The detachment strength and morphology of bone cells contacting materials modified with a peptide sequence found within bone sialoprotein.

Adhesion, spreading, and focal contact formation of primary bone-derived cells on quartz surfaces grafted with a 15 amino acid peptide that contained a -RGD-(-Arg-Gly-Asp-) sequence unique to bone sialoprotein was investigated. The peptide surfaces were fabricated by using a heterbifunctional crosslinker, sulfosuccinimidyal 4-(N-maleimidomethyl)cyclohexane-1-carboxylate, to link the peptide to amine functionalized quartz surfaces. Contact angle measurements, spectroscopic ellipsometry, and X-ray photoelectron spectroscopy were used to confirm the chemistry and thickness of the overlayers. A radial flow apparatus was used to characterize cell detachment from peptide-grafted surfaces.
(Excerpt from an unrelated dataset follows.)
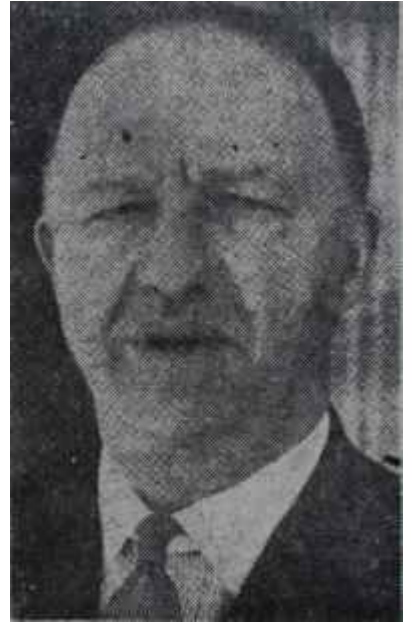
Mr. Butler Sterlin uğruna

tedbirleri açıkladı. Geçen yıl İstanbul'da aktedilen Beynelmîlel Para Fonu toplantısında Mr. Butler tarafından ifade edilen "mâli bakımdan daha sıkı bir disiplin altına girmek" hususundaki fikirler, bu suretle tatbik yoluna girmiş bulunmaktadır. Bütçenin ilan edilmesine bir buçuk ay kala yapılan bu açıklama dünya iktisat mahfillerinde beklenmiyor değildi. Ancak İngilterenin aldığı tedbirler beklenilenden çok daha sertti. Faiz hadlerinin yükseltilmesinin yanı sıra mahallî idareler yatırımlarının kısılması ve hususî sermaye yatırımlarının sıkı bir murakabe altına alınması İngilterenin bu hususta ne kadar azimli olduğunu göstermektedir. Nitekim Mr. Butler, icap ettiği takdirde daha sert tedbirler almakta hiç tereddüt edilmeceğini de açıkça beyan etmiştir.

After 20 min of cell incubation, the strength of cell adhesion was significantly (p < 0.05) higher on the -RGD- compared to -RGE- (control) surfaces. Furthermore, the mean area of cells contacting the -RGD- was significantly (p < 0.05) higher than -RGE- surfaces. Vinculin staining showed formation of small focal contact patches on the periphery of bone cells incubated for 2 h on the -RGD- surfaces; however, few or no focal contacts were formed by cells seeded on the -RGE-grafted surfaces. The methods of peptide immobilization utilized in this study can be applied to implants, biosensors, and diagnostic devices that require specificity in cell adhesion.